Information provided:
⟨

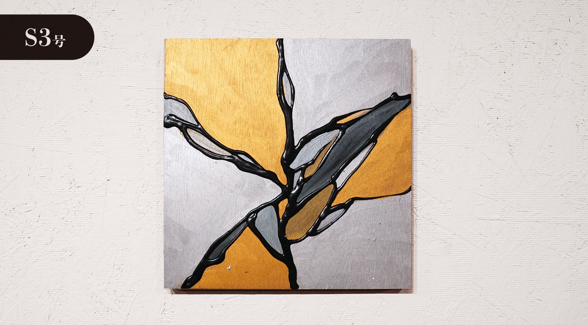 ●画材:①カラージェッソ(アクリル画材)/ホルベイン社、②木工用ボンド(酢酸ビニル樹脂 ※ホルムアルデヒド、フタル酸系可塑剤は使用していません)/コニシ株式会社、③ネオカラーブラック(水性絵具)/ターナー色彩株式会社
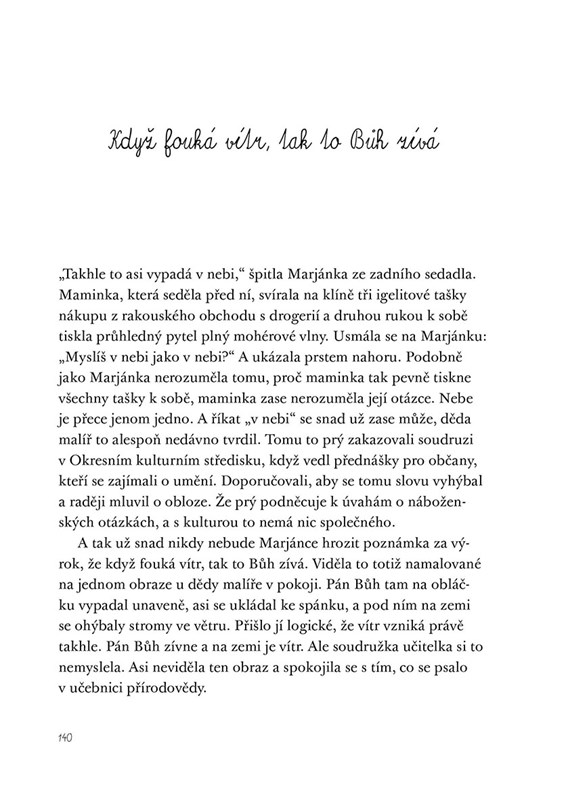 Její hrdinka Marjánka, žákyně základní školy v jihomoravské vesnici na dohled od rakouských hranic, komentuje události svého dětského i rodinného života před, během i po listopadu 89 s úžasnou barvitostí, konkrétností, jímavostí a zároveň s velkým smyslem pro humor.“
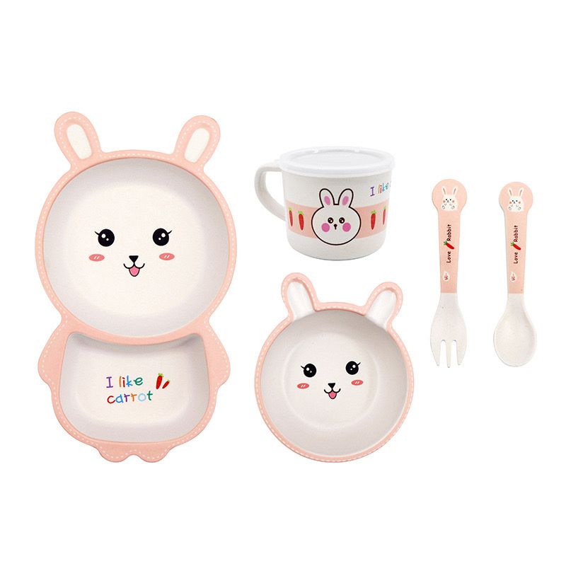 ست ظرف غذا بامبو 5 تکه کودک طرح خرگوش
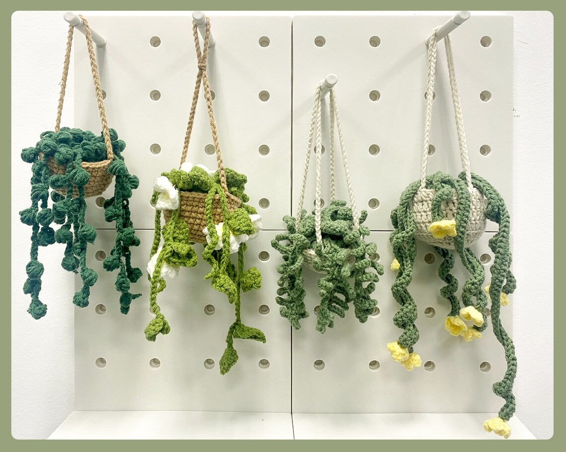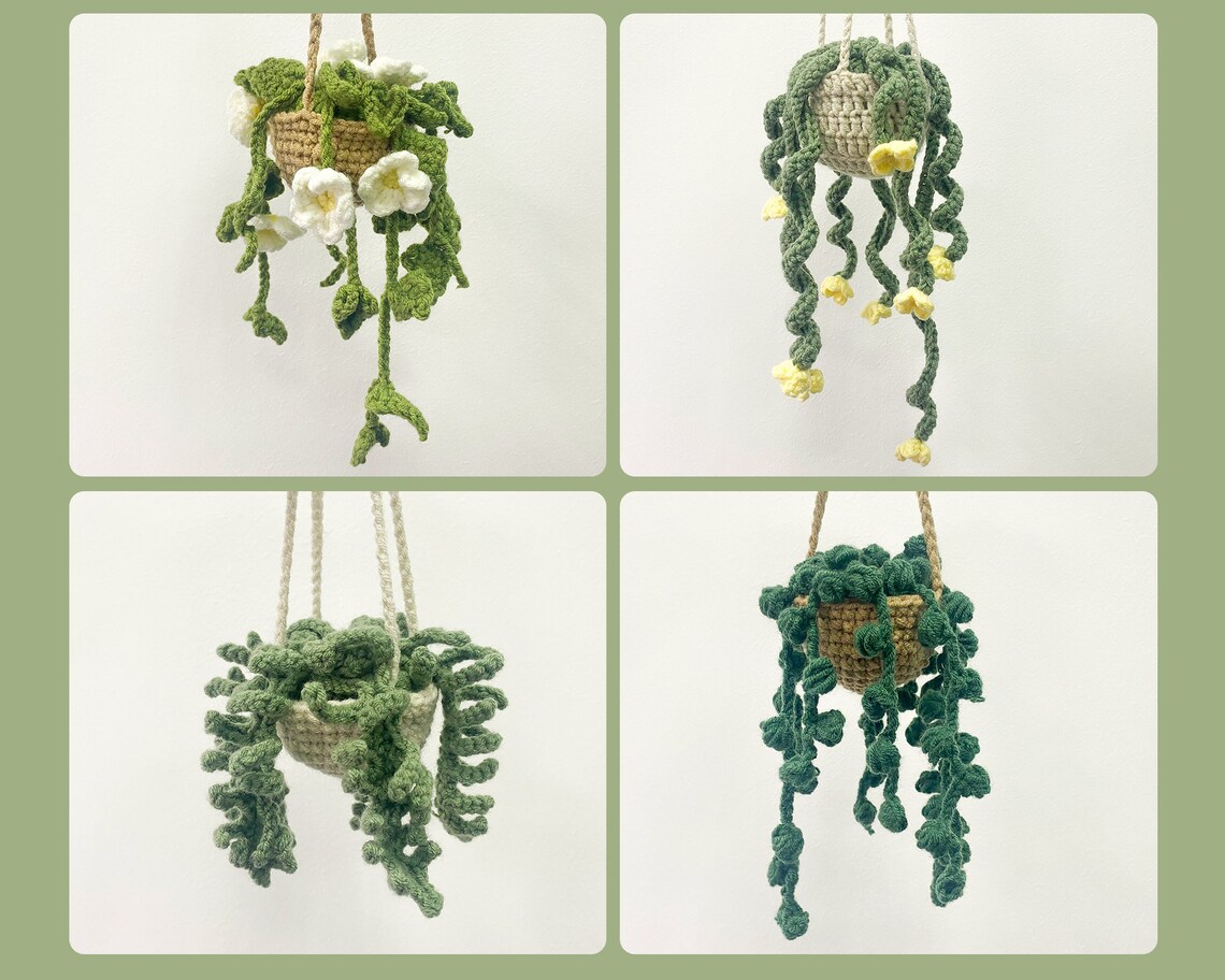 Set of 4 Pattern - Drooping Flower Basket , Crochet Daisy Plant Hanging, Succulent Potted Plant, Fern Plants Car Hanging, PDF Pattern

⟩

Goal of the exercise: Exactly the lines from the one with "Její hrdinka Marjánka, žákyně" to the last line of the listing are wanted, both ends included and pictures excluded.

Reply to the task:
 Její hrdinka Marjánka, žákyně základní školy v jihomoravské vesnici na dohled od rakouských hranic, komentuje události svého dětského i rodinného života před, během i po listopadu 89 s úžasnou barvitostí, konkrétností, jímavostí a zároveň s velkým smyslem pro humor.“
 ست ظرف غذا بامبو 5 تکه کودک طرح خرگوش
 Set of 4 Pattern - Drooping Flower Basket , Crochet Daisy Plant Hanging, Succulent Potted Plant, Fern Plants Car Hanging, PDF Pattern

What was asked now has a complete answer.